Trade contributes a much smaller share of China's growth than it did a decade ago but export-dependent manufacturers that supply the world with clothes, toys, shoes, furniture and other goods employ millions of people. The plunge in demand since the 2008 crisis has forced thousands of small producers out of business and survivors have cut payrolls.
The International Monetary Fund and private sector forecasters expect China's economy to grow by about 8 percent this year. That is robust compared with low single-digit growth expected in the United States and a contraction in Europe but painful for Chinese companies accustomed to a rapid expansion.
Analysts expect China to rebound late this year or in early 2013 but say a recovery will be too gradual and weak to drive global growth if the United States and Europe fail to improve.
The government set a target of 10 percent trade growth this year.

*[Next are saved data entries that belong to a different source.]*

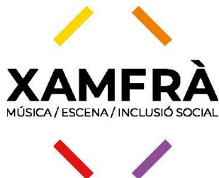
Xamfrà, Música y Escena para la inclusión social
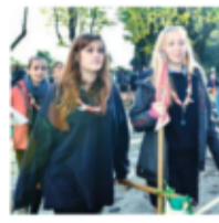
IL VESCOVO ALL'ORATORIO DI SAN BERNARDO PER INAUGURARE LE AULE DEL CATECHISMO

Un trentennio di sviluppo e crescita per il movimento scout lodigiano. Un traguardo che si celebra il 21 febbraio con un evento che si svolgerà a Palazzo Municipale. L'occasione è offerta dalla ricorrenza dei 70 anni di attività del movimento scout lodigiano. Un traguardo che si celebra con un evento che si svolgerà a Palazzo Municipale. L'occasione è offerta dalla ricorrenza dei 70 anni di attività del movimento scout lodigiano.
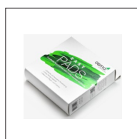
Osmo Easy pad
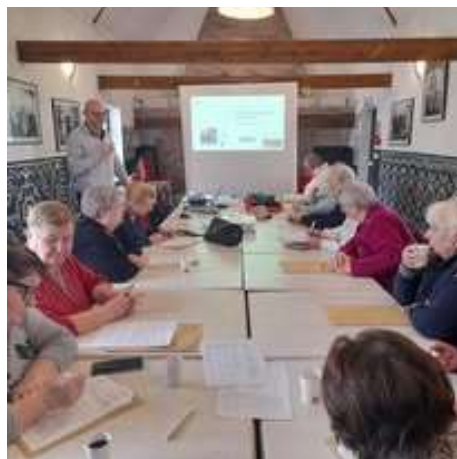
Adapter son logement - SOLIHA
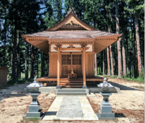
石動神社(長森Map 3ーに)

創建年不詳。長野県須坂市の古文書によると、1510(永正7)年6月の長森原の合戦の後、この神社にお参りし凱歌をあげたという記述が見られます。この地は船の形に似ていることから船山と呼ばれています。
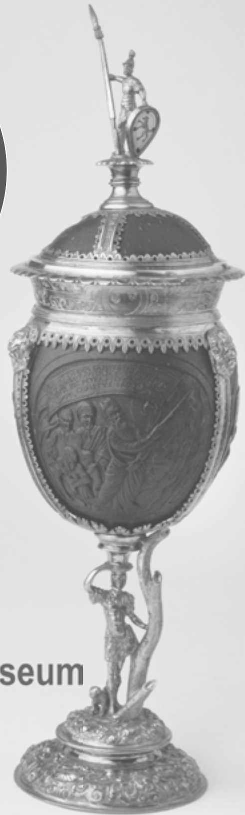
Wilhelm Dewyll, Kokosnusspokal, 16. Jahrhundert, aus der Schatzkammer des Deutschen Ordens in Wien
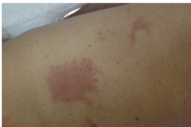
Figura 2 Lesión anular y rectangular, que corresponden a los terminales del control electrocardiográfico y a la toma de tierra del bisturí eléctrico.
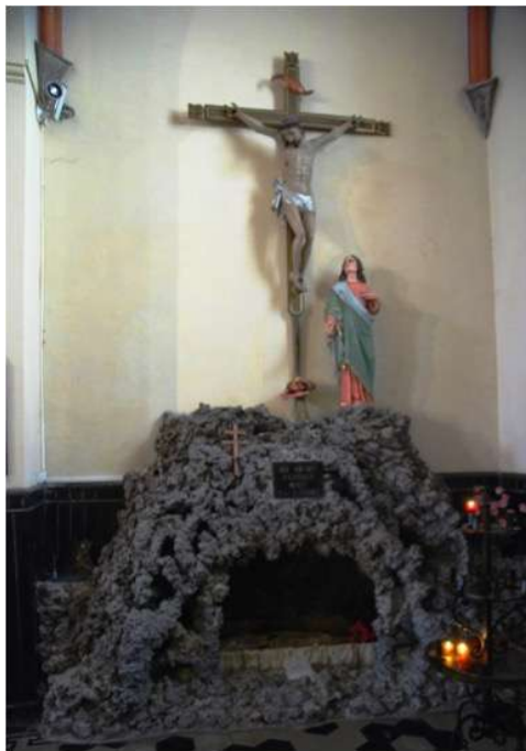
La statue du Christ VIVANT, debout a été remplacée par les faussaires !

Suite à mes révélations, le Christ debout a été enlevé et substitué par un autre personnage et les faussaires de l'Histoire ont également remplacé le crucifix.
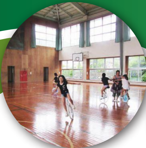
旧講堂で一輪車に乗って遊ぶ子どもたち
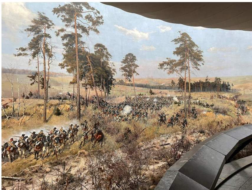
Abbildung 1: Bildausschnitt des Panoramagemäldes. Polnische Truppen schießen auf (links außerhalb des Ausschnittes reitende) Kosaken

Obwohl das Monumentalgemälde eine Kriegsschlacht darstellt, ist die Kriegshandlung vom Publikum nicht unbedingt als negatives Ereignis wahrzunehmen. So wurden für das Gemälde viele helle Pastelltöne verwendet, und die Darstellung des Himmels ist klar und hell gehalten. Dies hat zur Folge, dass die
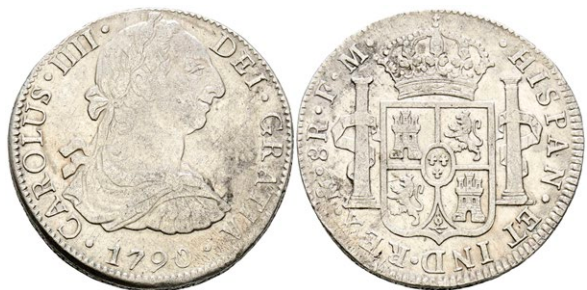
1136 CARLOS IV (1788-1808). 8 Reales. (Ar. 26,72g/38mm). 1790. México FM. (Cal-2019-952). Busto de Carlos III y ordinal III. MBC+. Escasa. 130 €
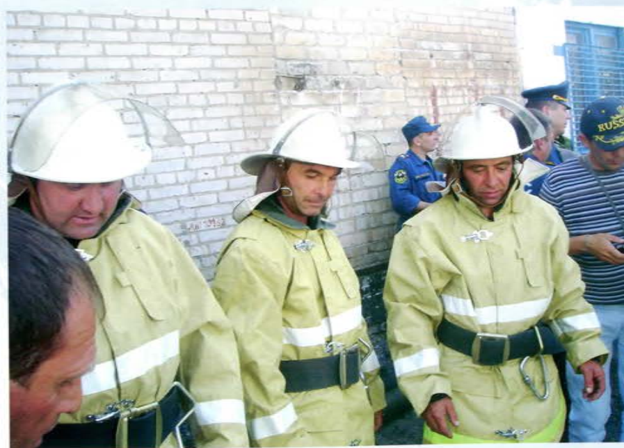
Соревнование ДПО, Кабардино-Балкарская Республика

Trade grew by 9.2 percent over the first half but that rate fell to 7.8 percent for the first seven months of the year, making the annual target look increasingly hard to meet.
In the southeastern port of Wenzhou, an export center, a local business association says 10 percent of its 3,000 member companies have closed and 20 percent are in trouble, the government newspaper China Daily reported Monday.
Chinese leaders have talked repeatedly about the need to stabilize foreign demand but they have few ways to encourage consumer spending abroad when key export markets are hurt by Europe's debt crisis and the sluggish U.S. recovery.
The country's shipbuilding association says orders for new ships from foreign and domestic customers in the first half fell by 50.3 percent from a year earlier. State media 46 shipyards might close for lack of orders.
The slowdown has led to a backlog of inventory among exporters and producers of basic materials such as steel.
Total profits at steel makers fell by 96 percent in the first half, according to data from the state-sanctioned China Iron and Steel Association cited by JP Morgan.
"Even with some degree of improvement in downstream demand, the need to digest significant stockpiles of finished goods and many growth-sensitive commodities will temper China's gradual demand recovery," said Jing Ulrich, JP Morgan's chairwoman for China equities, in a report Monday.